Karl Ericsson Just as there is no difference between bad and good fudge, as some people might say, there is also no difference between good power and bad power. You see, power is the problem, period.This may be difficult for some people to understand, especially to those who pray to a good power as if there was such a thing. What makes such confusion possible is probably, more than anything else, the deterioration that the word "power" has undergone since the days of the old Greeks, as seen in Platon's dialogues, in which power was clearly and only what we now call "might" or "abuse of power" and not such things as "knowledge", "strength" and "ability", which may all be used for good as well as for evil purposes. For the old Greeks as well as for all of us when we are affected (and not carelessly affect!), power meant the possibility, lent by society, to rule over other person's lives, more or less gratuitously (depending on what kind of society). In short one might also say that "he or she, who cannot abuse power without punishment, simply have no power to begin with".In this film, a man of power is a pedophile and can allow himself much more than if he was a black man in the South, for instance.
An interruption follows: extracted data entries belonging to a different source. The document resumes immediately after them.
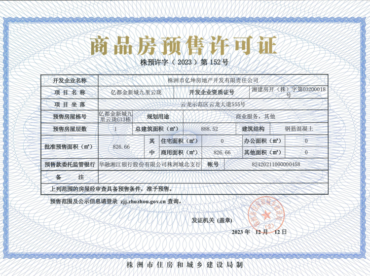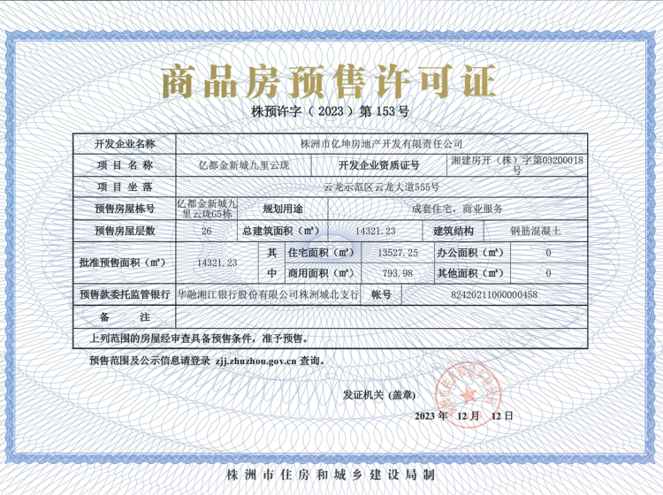 - 预许字(2023)第153号 详情发证时间 2023-12-12绑定楼栋云龙大道555号亿都金新城九里云珑G5栋
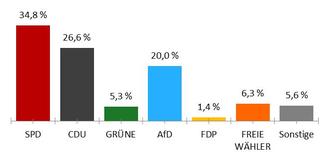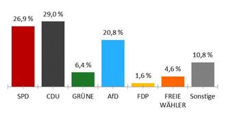 Von den insgesamt 13.413 gültig abgegebenen Zweitstimmen entfielen auf die SPD 3.608 Stimmen oder 26,9 % auf die CDU 3.888 oder 29 %. 860 Wahlberechtigte kreuzten die Grünen an. Dies entspricht 6,4%. Die AfD erlangte 2.784 Stimmen oder 20,8%. Für die FDP votierten 1,6 % oder 213 Wähler und für die Freien Wähler 4,6 % oder 616 Stimmen. Die Linke erhielten 624 Stimmen oder 4,7 %. Das Ergebnis der weiteren 5 Parteien lag zusammen bei 6,1 %.
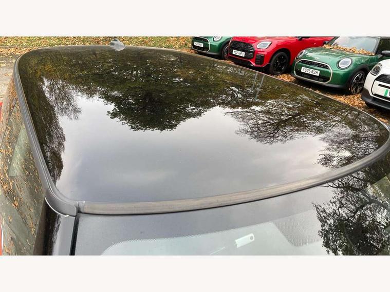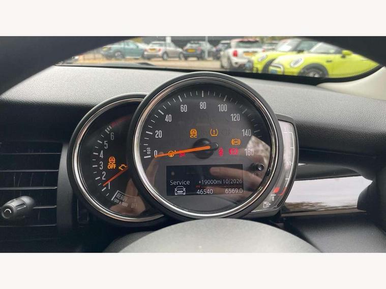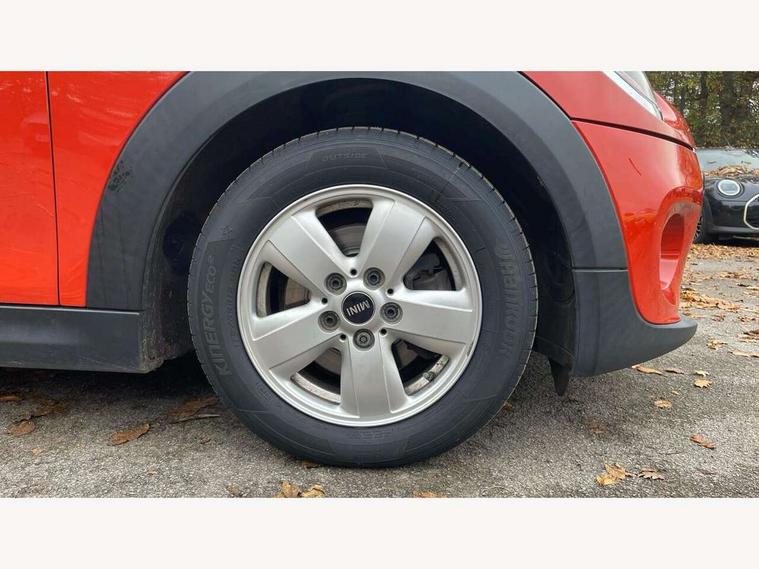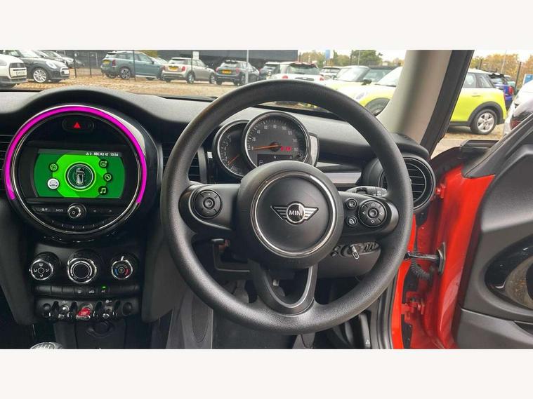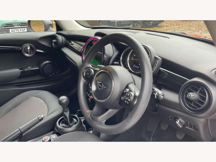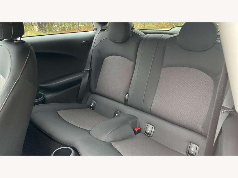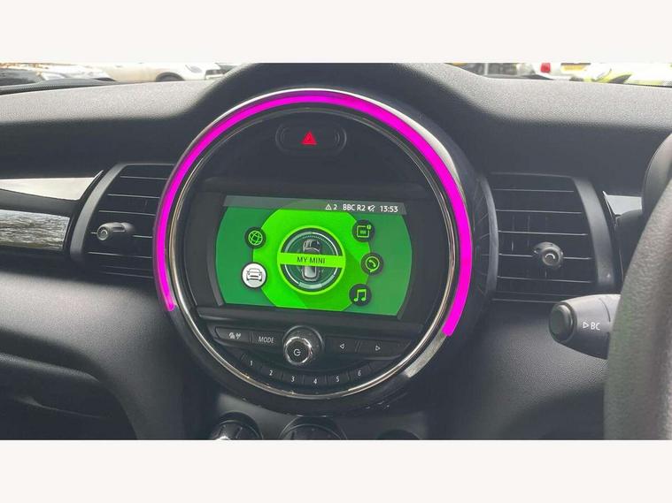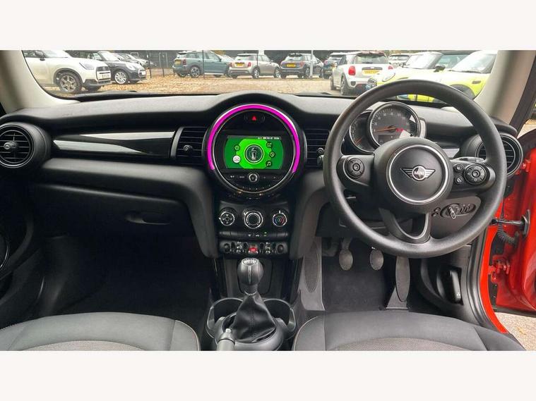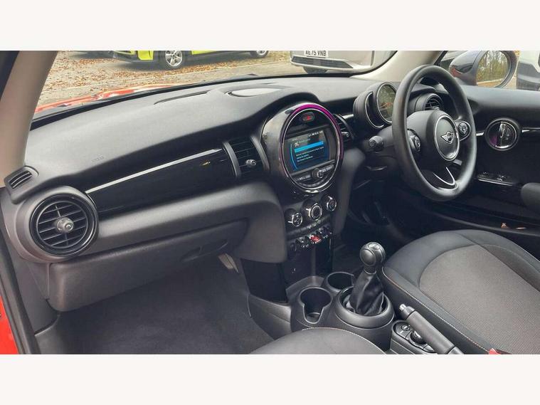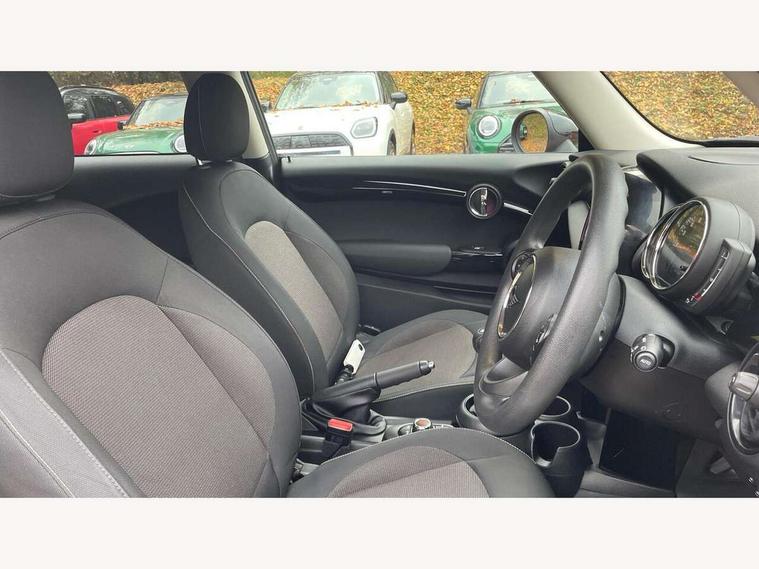 Compatible mobile phone bluetooth with audio streaming, Instrument cluster, Mini E-call, MINI TeleServices, On board computer, Service interval indicator, 6.5" touchscreen with LED ring, FM tuner and DAB digital radio, Automatic headlight activation switch, Body colour fuel filler cap, Chrome border high gloss black slats radiator grille, Dynamic brake lights, Electric front+rear windows, Heated rear window, Heated windscreen washer jets, LED headlight with closed ring and daytime driving lights, Left exhaust tailpipe with chrome finisher, Metal door sill strips with MINI imprint, Model logo Cooper on right of tailgate, Rain sensor window wipers, Rear fog lights, Rear LED lights with union jack design, Rear window wiper, Side scuttle panel with integrated indicator, Sun/heat protection glass, White indicator lenses, 12V Accessory socket in centre console, 4 lashing eyes in luggage compartment, 60/40 split folding rear seat, Chrome interior highlights, Colour line - Carbon black, Cupholders, Front and rear isofix with front passenger airbag deactivation, Glove compartment, Height and length steering column adjustment, Interior lighting with 12 basic colours selectable via toggle switch in roof, Leather gearshift lever and handbrake gaiters, LED reading lights, vanity mirror lights, front foot well light and spotlight on front seats, Manual air conditioning, Mechanical seat adjustment, driver seat height adjust, forward/back and front seats backrest, Mini logo projection on floor from drivers exterior mirror, Multifunction steering wheel, Satellite grey headlining, Storage compartments in doors, Sunvisors with vanity mirrors, 3 point seatbelts on all four seats, 6 Airbags - front, side, head and seat belt tensioners, Anti-lock braking system (ABS), DSC - Dynamic Stability Control, Front and rear disc brakes, Hill start assist, Single tone fanfare horn, Tyre pressure monitoring system, Alarm system with tilt sensor, monitoring doors, bonnet interior and tailgate, Electronic vehicle immobiliser, Start/stop toggle with keyless go, Tool kit,

This is shown very clearly in this film, which makes this film rare, since it is an attack on power.In the fifties, in which this story takes place, there were many opportunities to work and less opportunities to control the working-force, which is probably why people still dared to speak up against power. This kind of film has become very rare these days. The film industry seems to have sold out to brainless entertainment or artsy-fartsy "literature" - it's safer that way, so most artists and journalists seem to argue.